An empath therapist is a mental health professional whose clients are highly sensitive people. They not only help you understand your mental state but also provide you with mental training to increase your mental toughness and reduce your sensitivity, making it easier for you to handle it when you feel others’ emotions.
More importantly, the therapist can significantly help with self-awareness, empowering highly sensitive people or empaths to understand why they’re different than others and the role empathy plays in their relationships and lives. That way, empaths control how they feel about their state, which ultimately makes life easier for them and enables them to feel comfortable most times.
Take Care of Your Mental Health!
Empaths are very special, highly sensitive people – but it’s important not to let your sensitivity prevent you from living a normal life. You can learn mental toughness techniques to help you stay grounded and less overwhelmed by the emotions of others around you.
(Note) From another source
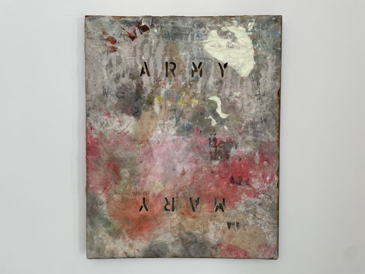 Über einen Ausstellungweg von drei Stockwerken hinweg sind weitere Videos Endlichers in dieser Schau gesetzt, die sich mit gemalten Bildern, geprinteten Lettern, gestanzten Dramenblechen oder gefrästen Buchstaben abwechseln: Eines davon, ganz unscheinbar an der Ecke von „HERZMARY“ angebracht, ist das ebenfalls umzudrehende Bild „MARY“, dessen Buchstaben der Künstler zu „ARMY“ verschoben hat. (Das „Mariahilf-Bild“ galt nicht zuletzt in der Zeit der Türkenkriege auch als Siegesbanner.)
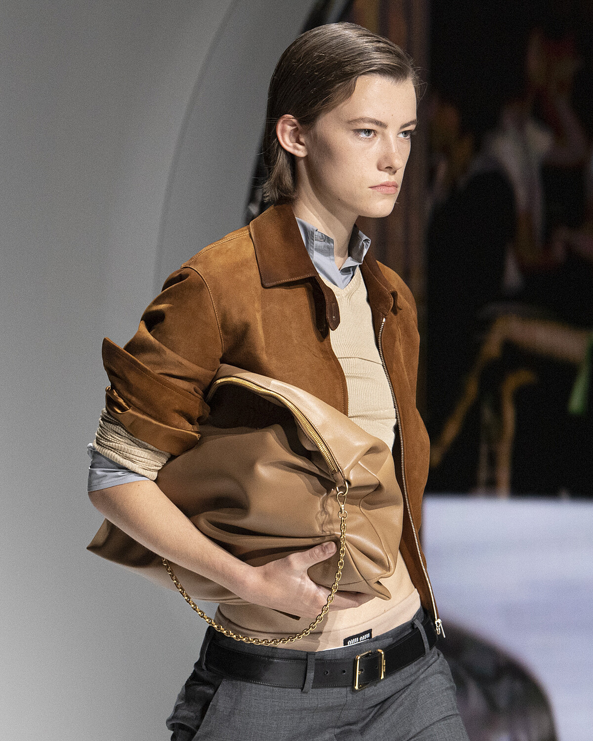 過去Miu Miu多給人一種夢幻的公主風格,撇除服飾不說,在包包的設計上今年亦跟上簡約風格——柔軟的皮革大包,展現出另一種隨性的時髦態度。

Therapy for highly sensitive people can help you do that, giving you mental training to make sure your mental state is strong enough to handle the emotions of other people around you as you navigate life (see also holistic therapy).
Many mental health professionals understand what empaths and highly sensitive people go through, so finding help shouldn’t be difficult. You can also find online therapy sessions at your convenience – just make sure an empath therapist offers them before contacting them!
And remember, take care of yourself first – otherwise, it’ll be harder to take care of others!